An international team led by the Universities of Geneva (UNIGE) and Montreal published the first results today from the NIRPS spectrograph installed on the European Southern Observatory’s (ESO) 3.6-meter telescope in La Silla, Chile. This new instrument, which operates in the near infrared, offers exceptional performance in detecting and characterising exoplanets, particularly around red dwarfs. By combining NIRPS with the HARPS spectrograph, which operates in visible light, astronomers have access to unrivalled spectral coverage for studying exoplanets. The first five scientific papers can be found in the journal Astronomy & Astrophysics.

The Near-InfraRed Planet Searcher (NIRPS) is a high-resolution spectrograph designed to search for and study exoplanets around stars smaller and cooler than our Sun. Located on the 3.6-meter telescope at La Silla Observatory in Chile, NIRPS officially began scientific observations in April 2023. Its development and construction are the result of a large consortium of scientists and engineers from Canada, Switzerland, Spain, Portugal, France, and Brazil, with the support of the European Southern Observatory (ESO). More than 140 experts contributed to the project, including a large team from the Astronomy Department of the UNIGE Faculty of Science and the National Research Centre PlanetS.

NIRPS is specially designed to observe in the near-infrared wavelengths. Next to it is the HARPS spectrograph, also designed by Swiss scientists, which has been hunting for exoplanets in visible light since 2003.

“This new instrument is the result of technological innovations and the fruit of an international collaboration,” says François Bouchy, Associate Professor at the Department of Astronomy, co-leader of the NIRPS project and lead author of the paper describing the instrument’s performance and scientific objectives. “We are proud of the unique and unrivalled performance of NIRPS and excited by the first scientific results.”

The combination of HARPS and NIRPS offers outstanding spectral coverage for studying and searching for exoplanets. The unique performance of the HARPS+NIRPS tandem makes it one of ESO’s most requested astronomical instruments of the past semester. In parallel with this first-light paper, which accompanies the commissioning and science validation of the brand-new instrument, the consortium is publishing four papers in the journal A&A with the first astrophysical results from NIRPS observations.

Scrutinising the atmosphere of exoplanets
The precision of NIRPS in the near-infrared and the possibility of combining it with HARPS in the visible make it possible to study the atmospheres of planets as they pass in front of their star. For their first observations, the astronomers examined the atmospheres of two well-known gas giant exoplanets: WASP-189 b and WASP-69 b.
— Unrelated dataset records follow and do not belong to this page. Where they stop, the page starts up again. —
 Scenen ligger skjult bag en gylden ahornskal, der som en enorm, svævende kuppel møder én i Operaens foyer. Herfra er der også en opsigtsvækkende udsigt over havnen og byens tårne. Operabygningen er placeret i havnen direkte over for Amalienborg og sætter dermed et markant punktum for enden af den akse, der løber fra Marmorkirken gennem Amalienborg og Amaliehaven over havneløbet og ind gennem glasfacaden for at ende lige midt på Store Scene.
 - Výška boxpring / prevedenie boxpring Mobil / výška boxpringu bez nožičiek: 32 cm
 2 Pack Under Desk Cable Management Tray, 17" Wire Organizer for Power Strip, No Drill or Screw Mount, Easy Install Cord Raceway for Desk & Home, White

The former has one of the most extreme atmospheres, so extreme that evaporated iron can be detected. However, it is only detected in the visible with HARPS and not in the near infrared with NIRPS. ‘‘Iron also exhibits spectral signatures in the near infrared. So we should be able to detect it with NIRPS too!’’ explains Valentina Vaulato, PhD student at the Department of Astronomy and first author of the study conducted on WASP-189 b. ‘‘Hence there must be another chemical element hiding the iron signature in the near infrared but not in the visible. The hydride anion – a hydrogen atom with two electrons instead of one – is our prime suspect,’’ concludes the researcher.
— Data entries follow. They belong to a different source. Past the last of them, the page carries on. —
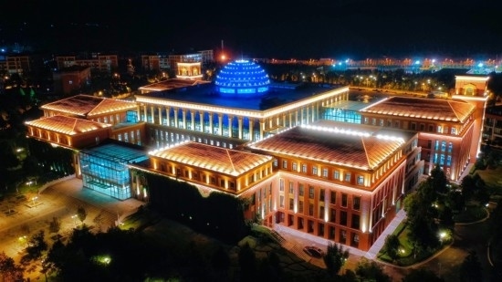 夜晚燈光亮起,閃耀的穹頂輪廓映在黑暗中,最上方的星空熠熠生輝,在館藏約為227萬冊(cè)圖書館仰止樓,遨游書海思緒翩飛,如游宇宙繁星,廣闊無垠。
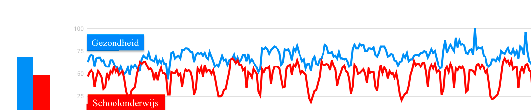 De gezondheidssector is één van de snelst groeiende sectoren. In de afgelopen 5 jaar hebben we gemerkt dat de internetgebruikers in hun browser vaker naar elementen zoeken in verband met gezondheid dan met onderwijs.
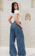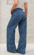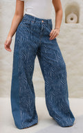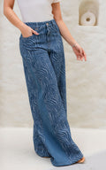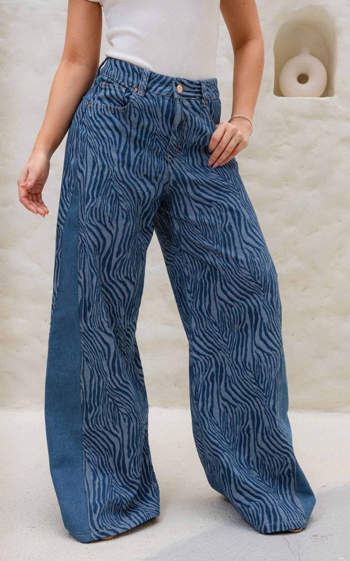 Nuestro Jean Wind está diseñado para mujeres que aman destacar con autenticidad. Su estampado animal tipo zebra denim le da un toque moderno y arriesgado, mientras que su silueta wide leg estiliza la figura y aporta comodidad absoluta en cada movimiento.
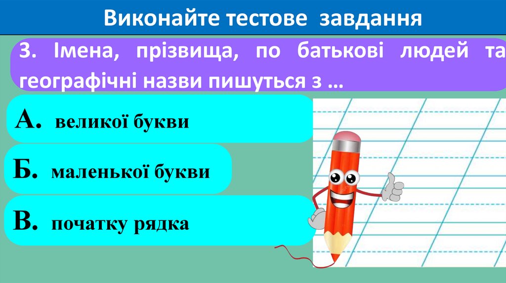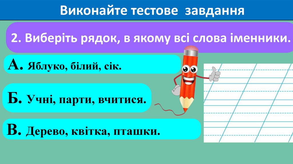 Виконайте тестове завдання2. Виберіть рядок, в якому всі слова іменники.

NIRPS observations of the second exoplanet, WASP-69 b, reveal a long tail of helium gas escaping from its comet-like atmosphere. This observation, one of the most detailed of its kind, sheds new light on the evolution of planetary atmospheres under the effect of intense radiation from the host star.

Detecting exoplanets in the infrared
NIRPS’ prime targets are the cool red stars known as M dwarfs, by far the most common stars in the galaxy, as they shine more brightly in the near-infrared than in the visible. In its first months of operation, scientists from the NIRPS consortium were able to confirm with unprecedented accuracy the presence of Proxima Centauri b, an Earth-like planet located in the habitable zone of the red dwarf Proxima Centauri, the closest star to our solar system. The team also found evidence of a second, less massive planet orbiting this star.

NIRPS is also the only near-infrared instrument to observe our Sun every day, to better understand stellar activity and how to limit its impact on the characterisation of exoplanet atmospheres and the detection of Earth-like exoplanets.